The eigenfunctions of the Laplace operator are essential in mathematical physics, engineering, and geometry processing. Typically, these are computed by discretizing the domain and performing eigendecomposition, tying the results to a specific mesh. However, this method is unsuitable for continuously-parameterized shapes. We propose a novel representation for eigenfunctions in continuously-parameterized shape spaces, where eigenfunctions are spatial fields with continuous dependence on shape parameters, defined by minimal Dirichlet energy, unit norm, and mutual orthogonality. We implement this with multilayer perceptrons trained as neural fields, mapping shape parameters and domain positions to eigenfunction values. A unique challenge is enforcing mutual orthogonality with respect to causality, where the causal ordering varies across the shape space. Our training method therefore requires three interwoven concepts: (1) learning $n$ eigenfunctions concurrently by minimizing Dirichlet energy with unit norm constraints; (2) filtering gradients during backpropagation to enforce causal orthogonality, preventing earlier eigenfunctions from being influenced by later ones; (3) dynamically sorting the causal ordering based on eigenvalues to track eigenvalue curve crossovers. We demonstrate our method on problems such as shape family analysis, predicting eigenfunctions for incomplete shapes, interactive shape manipulation, and computing higher-dimensional eigenfunctions, on all of which traditional methods fall short.

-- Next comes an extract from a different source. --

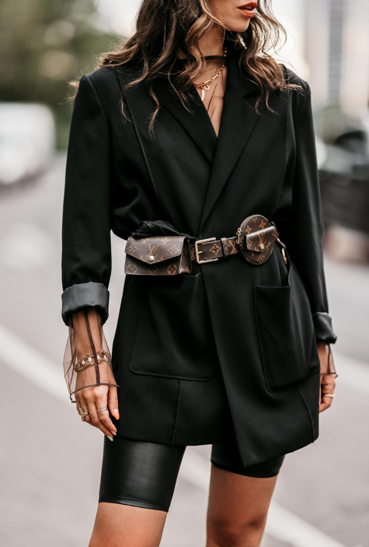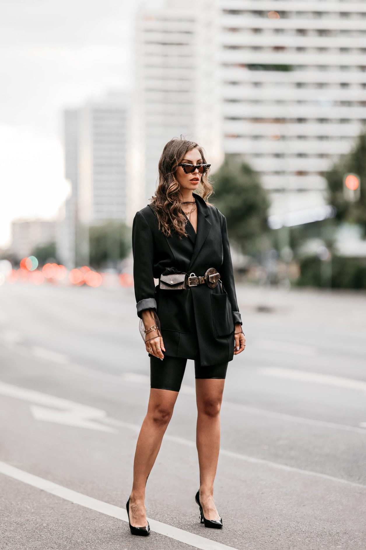 The All Black Look Anzeige Sunglasses: Bottega VenetaBlazer: HopeBelt-bag: Louis VuittonCycling shorts: TopshopPumps: Saint Laurent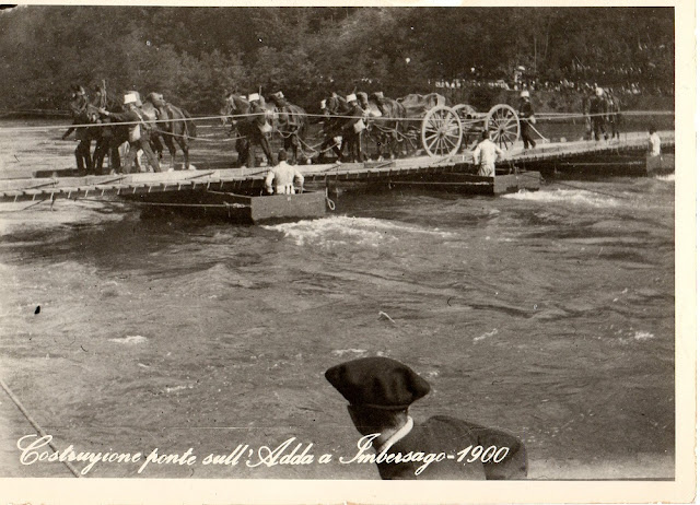 Ho acquistato queste fotografie qualche anno fa al mercatino dell'antiquariato di Imbersago. La didascalia su ognuna delle foto è: "Costruzione ponte sull'Adda a Imbersago - 1900". Successivamente, allo stesso mercatino, ho trovato una copia della terza fotografia in cui è specificato che il ponte fu costruito nel settembre del 1900.

翻译：拉普拉斯算子的特征函数在数学物理、工程和几何处理中至关重要。通常，这些特征函数通过对区域进行离散化并执行特征分解来计算，其结果与特定网格绑定。然而，该方法不适用于连续参数化的形状。我们提出了一种在连续参数化形状空间中表示特征函数的新方法，其中特征函数是空间场，其值连续依赖于形状参数，并通过最小化狄利克雷能量、单位范数和相互正交性来定义。我们使用多层感知机作为神经场来实现这一表示，将形状参数和区域位置映射到特征函数值。一个独特的挑战在于如何强制满足因果关系的相互正交性，其中因果顺序在形状空间中变化。因此，我们的训练方法需要三个相互交织的概念：(1) 通过最小化狄利克雷能量并施加单位范数约束，同时学习 $n$ 个特征函数；(2) 在反向传播过程中过滤梯度以强制因果正交性，防止较早的特征函数受较晚的特征函数影响；(3) 基于特征值动态排序因果顺序，以追踪特征值曲线的交叉点。我们在形状族分析、预测不完整形状的特征函数、交互式形状操作以及计算高维特征函数等问题上展示了我们的方法，而传统方法在这些方面均存在不足。